Thill, incidentally, from the Middle English word for plank, are the two long shafts between which an animal is fastened when pulling a wagon. And quasel, according to Twelve Years in a Monastery (published in 1897 by Joseph McCabe), is a “pious admirer and penitent of the gentler sex.”
Good news for foodies, football fans
Readers whose appetites are whetted by talk of cow heel jelly will be excited to learn that, after the Civil War project’s success, UI Libraries hopes to enlist help this fall transcribing a collection of recipe books from the 18th, 19th, and 20th centuries. The books were donated by Louis Szathmary (1919–1996), a Hungarian-born chef, restaurateur, and food writer, best known as proprietor of The Bakery restaurant in Chicago. The books include recipes for everything from marrow pudding and velvet molasses candy to (from 1762) “Roast Geese & Turkies.”

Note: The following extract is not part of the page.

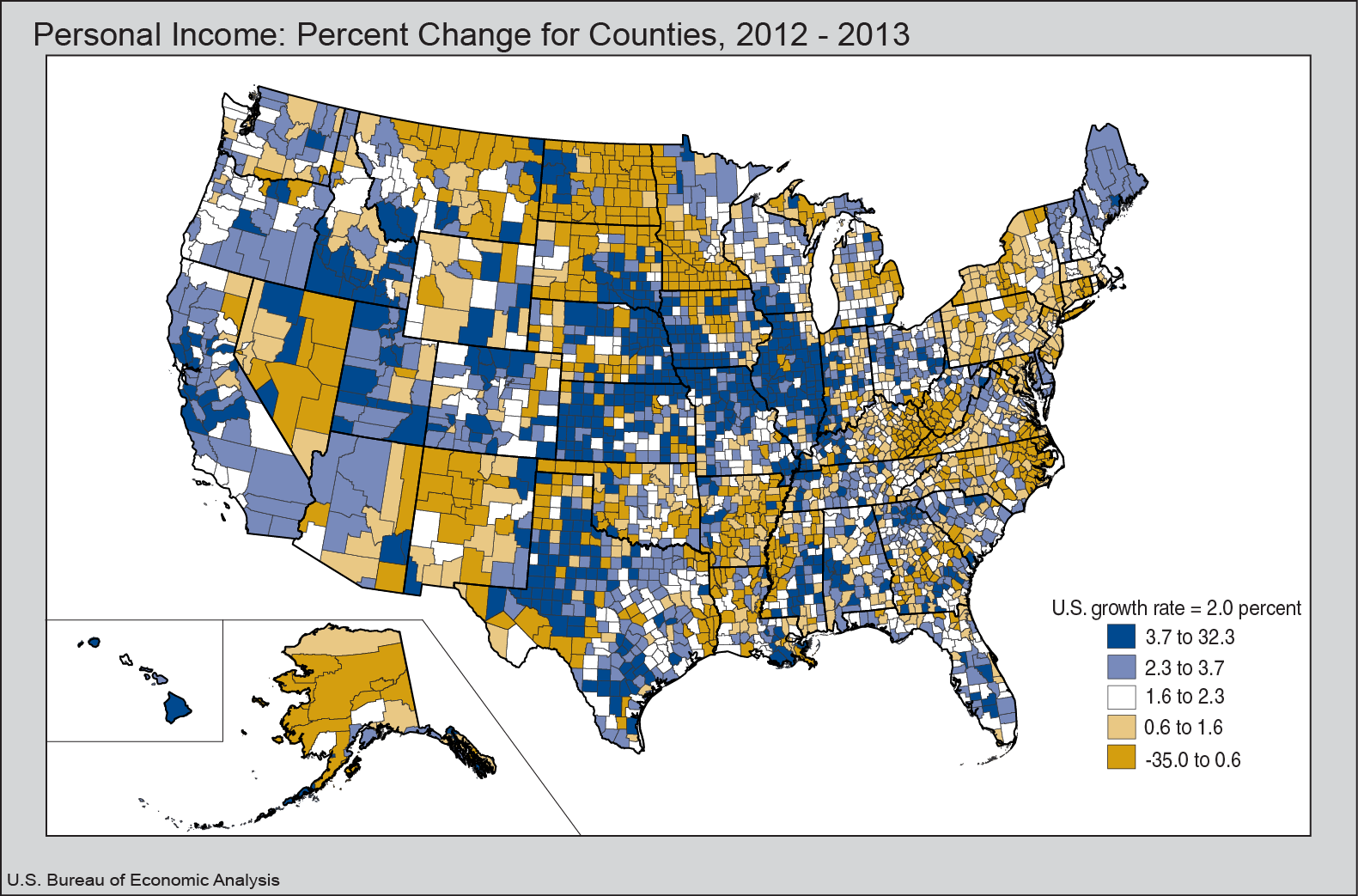 Personal income grew in 2013 in 2,695 counties, fell in 390, and was unchanged in 28, according to estimates released today by the U.S. Bureau of Economic Analysis. On average, personal income rose 2.0 percent in 2013 in the metropolitan portion of the United States and rose 2.1 percent in the nonmetropolitan portion. The metropolitan and nonmetropolitan portions grew 5.3 percent and 4.4 percent, respectively, in 2012. The percent change from 2012 to 2013 in personal income ranged from -35.0 percent in LaMoure County, North Dakota to 32.3 percent in Greeley County, Kansas. Inflation, as measured by the national price index for personal consumption expenditures, slowed to 1.2 percent in 2013 from 1.8 percent in 2012.

Eventually, the Libraries staff also hopes to use crowdsourcing to transcribe materials sure to interest diehard Hawkeye fans: diaries, letters, and other papers of famed UI All-American football player and 1939 Heisman Trophy winner Nile Kinnick.
Nicole Saylor, head of Digital Research and Publishing at UI Libraries, says she suspects a significant reason for crowdsourcing’s success is that the UI Libraries’ Web interface doesn’t require users to establish an account or log in, unlike sites like Zooniverse. This encourages anyone to help with transcription, anonymously, whether they convert one page into text or a thousand.
In fact, says Greg Prickman, head of UI Special Collections and University Archives, transcribing historical manuscripts is a lot like eating Lays potato chips: you can’t stop at just one page.
“Some volunteers start by doing just one page, then they do another, and before they know it they’re up all night,” he says.
Because of the success of the Civil War project, the UI team is increasingly sought after by other libraries, museums, and organizations embarking on crowdsourcing projects. Some have asked for the coding behind the UI Libraries crowdsourcing site, developed by webmaster Linda Roth, while others have extended invitations to speak at conferences.
The Chronicle of Higher Education, Iowa Public Radio, and other media outlets have interviewed the project staff as well.
Jen Wolfe laughs: “We’re kind of a player now.”